* **Prompt**: Write out the data word for word and omit every picture.

* **Dataset section**:
____________________

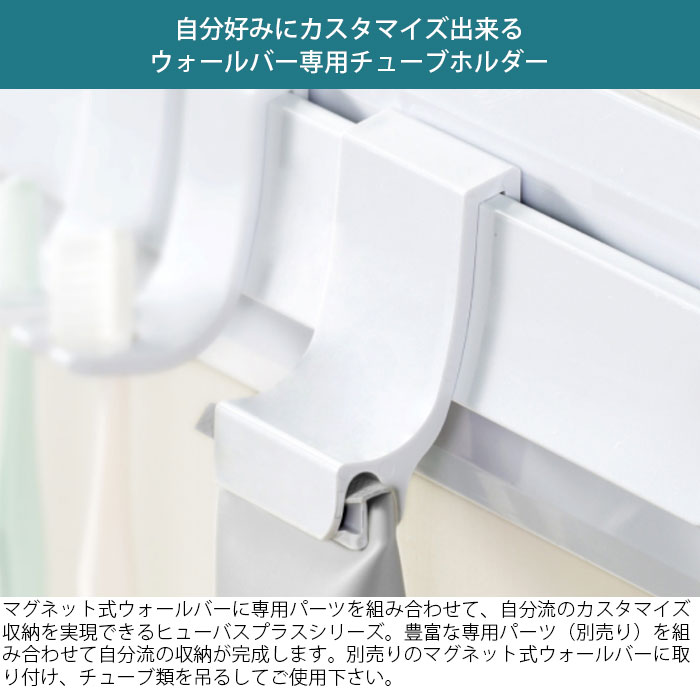 ●マグネット式ウォールバーに専用パーツを組み合わせて自分流の収納が出来る、ヒューバスシリーズのチューブホルダーです。
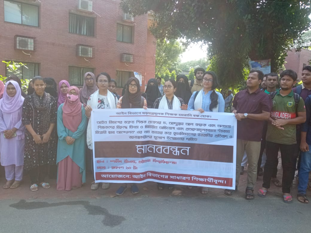 চবি আইন অনুষদের ডিনের বিরুদ্ধে মিথ্যা অভিযোগের প্রতিবাদে মানববন্ধন
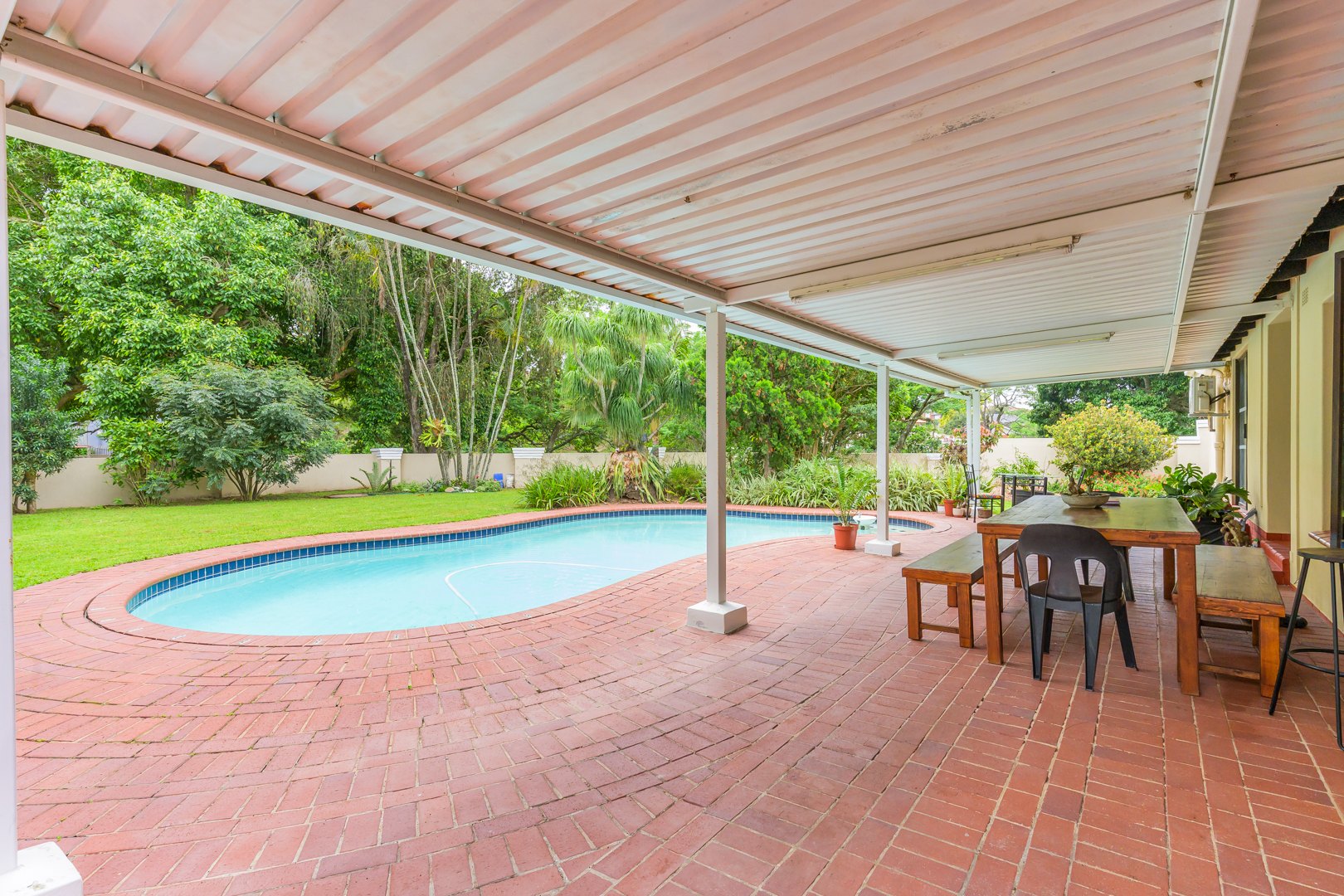 To round off this beautiful property is a sparkling pool with greenery to compliment the pool. Enjoy a morning or evening swim? Look no further or imagine spending time with family and friends around this pool while the kids have enough yard space to run around and enjoy themselves.
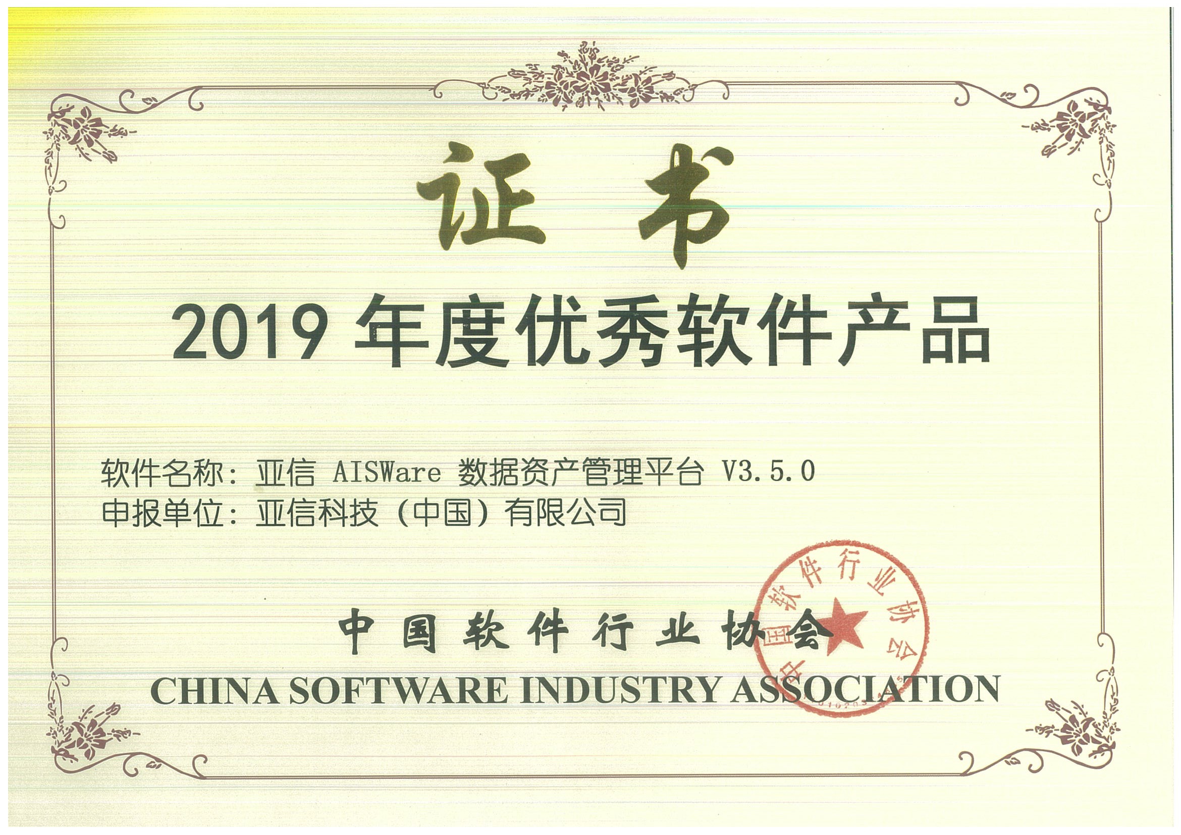 2019年12月 亚信AISWare数据资产管理平台V3.5.0荣获“2019年度优秀软件产品”

____________________

* **Result for this task**:
 ●マグネット式ウォールバーに専用パーツを組み合わせて自分流の収納が出来る、ヒューバスシリーズのチューブホルダーです。
 চবি আইন অনুষদের ডিনের বিরুদ্ধে মিথ্যা অভিযোগের প্রতিবাদে মানববন্ধন
 To round off this beautiful property is a sparkling pool with greenery to compliment the pool. Enjoy a morning or evening swim? Look no further or imagine spending time with family and friends around this pool while the kids have enough yard space to run around and enjoy themselves.
 2019年12月 亚信AISWare数据资产管理平台V3.5.0荣获“2019年度优秀软件产品”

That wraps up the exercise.